Vascular smooth muscle cell (VSMC) function is regulated by Nox-derived reactive oxygen species (ROS) and redox-dependent signaling in discrete cellular compartments. Whether cholesterol-rich microdomains (lipid rafts/caveolae) are involved in these processes is unclear. Here we examined the sub-cellular compartmentalization of Nox isoforms in lipid rafts/caveolae and assessed the role of these microdomains in VSMC ROS production and pro-contractile and growth signaling.
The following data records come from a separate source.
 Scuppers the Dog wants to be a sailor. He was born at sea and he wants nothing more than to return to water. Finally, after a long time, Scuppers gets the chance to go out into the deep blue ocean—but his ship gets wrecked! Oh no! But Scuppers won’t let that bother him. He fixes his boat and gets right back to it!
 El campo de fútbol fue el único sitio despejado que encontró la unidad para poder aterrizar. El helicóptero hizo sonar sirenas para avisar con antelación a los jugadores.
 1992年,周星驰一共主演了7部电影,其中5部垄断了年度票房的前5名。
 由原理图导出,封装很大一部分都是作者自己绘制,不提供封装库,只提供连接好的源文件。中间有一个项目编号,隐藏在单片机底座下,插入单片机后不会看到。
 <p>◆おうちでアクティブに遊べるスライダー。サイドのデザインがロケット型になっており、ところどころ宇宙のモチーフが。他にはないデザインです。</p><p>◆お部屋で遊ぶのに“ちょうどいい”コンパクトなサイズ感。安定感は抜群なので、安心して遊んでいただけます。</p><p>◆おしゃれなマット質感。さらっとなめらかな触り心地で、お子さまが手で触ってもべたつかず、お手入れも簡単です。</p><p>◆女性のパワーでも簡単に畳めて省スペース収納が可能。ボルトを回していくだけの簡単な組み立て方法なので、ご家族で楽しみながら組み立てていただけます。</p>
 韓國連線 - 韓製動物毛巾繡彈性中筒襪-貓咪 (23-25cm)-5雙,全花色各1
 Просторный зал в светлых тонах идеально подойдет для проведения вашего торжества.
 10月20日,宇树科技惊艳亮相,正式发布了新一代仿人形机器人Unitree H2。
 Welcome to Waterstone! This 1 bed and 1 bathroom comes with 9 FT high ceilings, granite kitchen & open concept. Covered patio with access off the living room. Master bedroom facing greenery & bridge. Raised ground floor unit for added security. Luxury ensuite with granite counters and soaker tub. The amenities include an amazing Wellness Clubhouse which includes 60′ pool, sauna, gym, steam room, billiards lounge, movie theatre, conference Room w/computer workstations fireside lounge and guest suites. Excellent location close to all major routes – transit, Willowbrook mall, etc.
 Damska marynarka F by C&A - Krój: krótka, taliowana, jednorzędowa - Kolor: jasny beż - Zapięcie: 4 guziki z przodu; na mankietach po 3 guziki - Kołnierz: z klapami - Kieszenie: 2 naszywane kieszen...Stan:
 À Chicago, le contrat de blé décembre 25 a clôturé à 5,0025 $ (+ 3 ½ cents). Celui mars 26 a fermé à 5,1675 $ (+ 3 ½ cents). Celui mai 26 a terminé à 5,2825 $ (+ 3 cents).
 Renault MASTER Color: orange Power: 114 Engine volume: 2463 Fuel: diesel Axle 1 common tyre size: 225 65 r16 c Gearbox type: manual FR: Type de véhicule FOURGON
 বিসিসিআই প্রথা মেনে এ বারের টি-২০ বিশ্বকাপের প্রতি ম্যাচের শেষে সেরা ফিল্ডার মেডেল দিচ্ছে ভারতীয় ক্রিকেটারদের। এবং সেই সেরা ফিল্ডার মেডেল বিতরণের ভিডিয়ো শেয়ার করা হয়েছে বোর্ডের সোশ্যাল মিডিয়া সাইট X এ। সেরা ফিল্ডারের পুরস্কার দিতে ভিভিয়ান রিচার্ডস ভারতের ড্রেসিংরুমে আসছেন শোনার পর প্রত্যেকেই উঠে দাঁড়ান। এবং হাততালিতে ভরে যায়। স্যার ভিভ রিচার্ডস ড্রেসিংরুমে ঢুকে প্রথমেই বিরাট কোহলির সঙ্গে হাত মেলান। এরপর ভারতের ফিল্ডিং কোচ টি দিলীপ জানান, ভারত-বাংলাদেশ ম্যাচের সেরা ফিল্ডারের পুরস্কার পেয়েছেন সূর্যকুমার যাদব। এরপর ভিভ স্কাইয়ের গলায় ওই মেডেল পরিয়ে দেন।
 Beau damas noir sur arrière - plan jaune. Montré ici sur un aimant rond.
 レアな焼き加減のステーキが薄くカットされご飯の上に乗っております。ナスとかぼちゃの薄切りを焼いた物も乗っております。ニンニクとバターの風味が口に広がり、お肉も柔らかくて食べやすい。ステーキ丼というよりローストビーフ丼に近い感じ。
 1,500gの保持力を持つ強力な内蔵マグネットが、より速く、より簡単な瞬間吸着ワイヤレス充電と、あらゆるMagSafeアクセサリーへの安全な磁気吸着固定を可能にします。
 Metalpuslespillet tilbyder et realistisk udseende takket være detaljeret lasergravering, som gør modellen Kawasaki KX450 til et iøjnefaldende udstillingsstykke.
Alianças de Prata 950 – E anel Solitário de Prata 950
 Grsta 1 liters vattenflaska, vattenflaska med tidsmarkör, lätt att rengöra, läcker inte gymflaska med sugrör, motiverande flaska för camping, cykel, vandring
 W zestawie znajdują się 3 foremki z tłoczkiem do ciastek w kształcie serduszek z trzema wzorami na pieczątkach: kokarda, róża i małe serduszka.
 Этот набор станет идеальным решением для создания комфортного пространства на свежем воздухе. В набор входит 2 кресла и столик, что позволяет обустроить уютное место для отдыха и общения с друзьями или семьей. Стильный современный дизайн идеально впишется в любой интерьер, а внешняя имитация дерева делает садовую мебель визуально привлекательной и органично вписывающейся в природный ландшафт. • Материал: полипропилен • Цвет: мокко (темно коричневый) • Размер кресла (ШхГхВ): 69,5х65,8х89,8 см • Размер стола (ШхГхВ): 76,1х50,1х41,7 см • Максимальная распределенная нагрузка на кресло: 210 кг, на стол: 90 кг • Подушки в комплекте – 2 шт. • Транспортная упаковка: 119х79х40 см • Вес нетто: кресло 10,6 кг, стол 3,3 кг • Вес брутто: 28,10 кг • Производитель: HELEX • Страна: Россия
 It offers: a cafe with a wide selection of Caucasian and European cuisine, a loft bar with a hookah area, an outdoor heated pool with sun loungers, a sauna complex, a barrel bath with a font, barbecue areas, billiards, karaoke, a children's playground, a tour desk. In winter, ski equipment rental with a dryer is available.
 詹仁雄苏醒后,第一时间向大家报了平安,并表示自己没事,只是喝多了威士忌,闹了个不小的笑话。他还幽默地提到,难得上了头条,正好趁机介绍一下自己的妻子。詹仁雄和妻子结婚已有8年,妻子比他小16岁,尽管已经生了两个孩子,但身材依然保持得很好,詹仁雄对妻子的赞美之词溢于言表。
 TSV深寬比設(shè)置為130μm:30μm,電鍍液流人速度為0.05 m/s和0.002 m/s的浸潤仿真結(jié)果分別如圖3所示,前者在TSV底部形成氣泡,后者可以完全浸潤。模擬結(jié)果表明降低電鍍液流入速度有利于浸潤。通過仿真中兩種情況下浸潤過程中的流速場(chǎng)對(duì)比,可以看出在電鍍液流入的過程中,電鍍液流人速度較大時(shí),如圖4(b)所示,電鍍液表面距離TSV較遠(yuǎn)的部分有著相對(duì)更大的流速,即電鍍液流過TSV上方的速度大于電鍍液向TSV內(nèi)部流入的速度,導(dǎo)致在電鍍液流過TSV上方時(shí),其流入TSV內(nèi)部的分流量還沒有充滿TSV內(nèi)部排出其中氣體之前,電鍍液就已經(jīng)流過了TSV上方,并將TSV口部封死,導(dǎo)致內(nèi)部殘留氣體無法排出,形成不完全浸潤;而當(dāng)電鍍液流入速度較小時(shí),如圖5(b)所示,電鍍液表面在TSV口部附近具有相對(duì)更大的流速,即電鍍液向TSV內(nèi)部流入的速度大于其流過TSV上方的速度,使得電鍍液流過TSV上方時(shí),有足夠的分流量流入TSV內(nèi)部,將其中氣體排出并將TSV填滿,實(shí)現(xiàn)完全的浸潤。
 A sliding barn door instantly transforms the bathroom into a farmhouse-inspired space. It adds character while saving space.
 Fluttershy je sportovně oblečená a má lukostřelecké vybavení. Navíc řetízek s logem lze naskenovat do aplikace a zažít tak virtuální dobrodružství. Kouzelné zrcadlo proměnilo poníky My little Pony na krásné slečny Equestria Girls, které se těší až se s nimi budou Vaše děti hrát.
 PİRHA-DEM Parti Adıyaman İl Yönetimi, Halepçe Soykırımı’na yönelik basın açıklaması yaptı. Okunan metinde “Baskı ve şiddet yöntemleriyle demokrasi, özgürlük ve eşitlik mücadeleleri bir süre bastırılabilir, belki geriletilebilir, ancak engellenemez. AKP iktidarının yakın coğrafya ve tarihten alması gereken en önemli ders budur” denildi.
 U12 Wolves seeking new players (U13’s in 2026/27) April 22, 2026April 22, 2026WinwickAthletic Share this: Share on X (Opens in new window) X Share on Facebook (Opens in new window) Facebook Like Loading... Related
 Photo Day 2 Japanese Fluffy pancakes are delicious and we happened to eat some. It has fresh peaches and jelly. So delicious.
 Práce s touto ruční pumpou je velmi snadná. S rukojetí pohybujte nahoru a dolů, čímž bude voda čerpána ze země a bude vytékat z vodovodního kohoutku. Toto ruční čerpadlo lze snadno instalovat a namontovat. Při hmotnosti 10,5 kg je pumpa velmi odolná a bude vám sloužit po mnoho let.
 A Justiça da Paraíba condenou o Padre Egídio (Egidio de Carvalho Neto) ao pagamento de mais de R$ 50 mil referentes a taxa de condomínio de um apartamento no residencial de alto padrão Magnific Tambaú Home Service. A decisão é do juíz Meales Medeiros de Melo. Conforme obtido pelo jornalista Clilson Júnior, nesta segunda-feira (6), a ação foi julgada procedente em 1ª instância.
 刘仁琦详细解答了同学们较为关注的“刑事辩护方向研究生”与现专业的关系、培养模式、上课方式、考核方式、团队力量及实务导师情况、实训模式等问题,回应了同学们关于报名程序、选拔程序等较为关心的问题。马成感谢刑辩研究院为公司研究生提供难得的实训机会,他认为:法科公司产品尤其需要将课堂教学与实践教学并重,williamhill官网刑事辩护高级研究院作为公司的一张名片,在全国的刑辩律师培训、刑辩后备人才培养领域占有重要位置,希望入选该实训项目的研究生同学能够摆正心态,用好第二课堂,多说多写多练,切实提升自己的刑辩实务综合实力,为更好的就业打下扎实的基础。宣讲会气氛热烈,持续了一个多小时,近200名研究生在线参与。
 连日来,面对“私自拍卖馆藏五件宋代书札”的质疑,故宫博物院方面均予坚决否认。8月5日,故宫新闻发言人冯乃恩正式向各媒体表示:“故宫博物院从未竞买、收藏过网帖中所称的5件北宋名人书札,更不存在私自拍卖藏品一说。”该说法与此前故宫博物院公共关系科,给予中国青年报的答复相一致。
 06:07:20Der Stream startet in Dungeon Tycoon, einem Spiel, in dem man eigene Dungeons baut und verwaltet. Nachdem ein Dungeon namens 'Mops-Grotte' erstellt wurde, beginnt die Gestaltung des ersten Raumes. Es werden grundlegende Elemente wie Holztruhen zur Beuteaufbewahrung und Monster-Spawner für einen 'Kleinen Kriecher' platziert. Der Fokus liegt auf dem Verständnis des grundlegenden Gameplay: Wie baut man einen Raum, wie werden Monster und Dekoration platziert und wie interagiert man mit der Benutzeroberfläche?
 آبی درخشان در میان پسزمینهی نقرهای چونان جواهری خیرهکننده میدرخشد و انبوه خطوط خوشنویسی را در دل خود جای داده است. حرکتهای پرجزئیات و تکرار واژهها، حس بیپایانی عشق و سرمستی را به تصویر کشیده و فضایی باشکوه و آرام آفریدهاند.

Intact small arteries and primary VSMCs from humans were studied. Vessels from Cav-1−/− mice were used to test proof of concept. Human VSMCs express Nox1, Nox4, Nox5 and Cav-1. Cell fractionation studies showed that Nox1 and Nox5 but not Nox4, localize in cholesterol-rich fractions in VSMCs. Angiotensin II (Ang II) stimulation induced trafficking into and out of lipid rafts/caveolae for Nox1 and Nox5 respectively. Co-immunoprecipitation studies showed interactions between Cav-1/Nox1 but not Cav-1/Nox5. Lipid raft/caveolae disruptors (methyl-β-cyclodextrin (MCD) and Nystatin) and Ang II stimulation variably increased O2− generation and phosphorylation of MLC20, Ezrin-Radixin-Moesin (ERM) and p53 but not ERK1/2, effects recapitulated in Cav-1 silenced (siRNA) VSMCs. Nox inhibition prevented Ang II-induced phosphorylation of signaling molecules, specifically, ERK1/2 phosphorylation was attenuated by mellitin (Nox5 inhibitor) and Nox5 siRNA, while p53 phosphorylation was inhibited by NoxA1ds (Nox1 inhibitor). Ang II increased oxidation of DJ1, dual anti-oxidant and signaling molecule, through lipid raft/caveolae-dependent processes. Vessels from Cav-1−/− mice exhibited increased O2− generation and phosphorylation of ERM. We identify an important role for lipid rafts/caveolae that act as signaling platforms for Nox1 and Nox5 but not Nox4, in human VSMCs. Disruption of these microdomains promotes oxidative stress and Nox isoform-specific redox signalling important in vascular dysfunction associated with cardiovascular diseases.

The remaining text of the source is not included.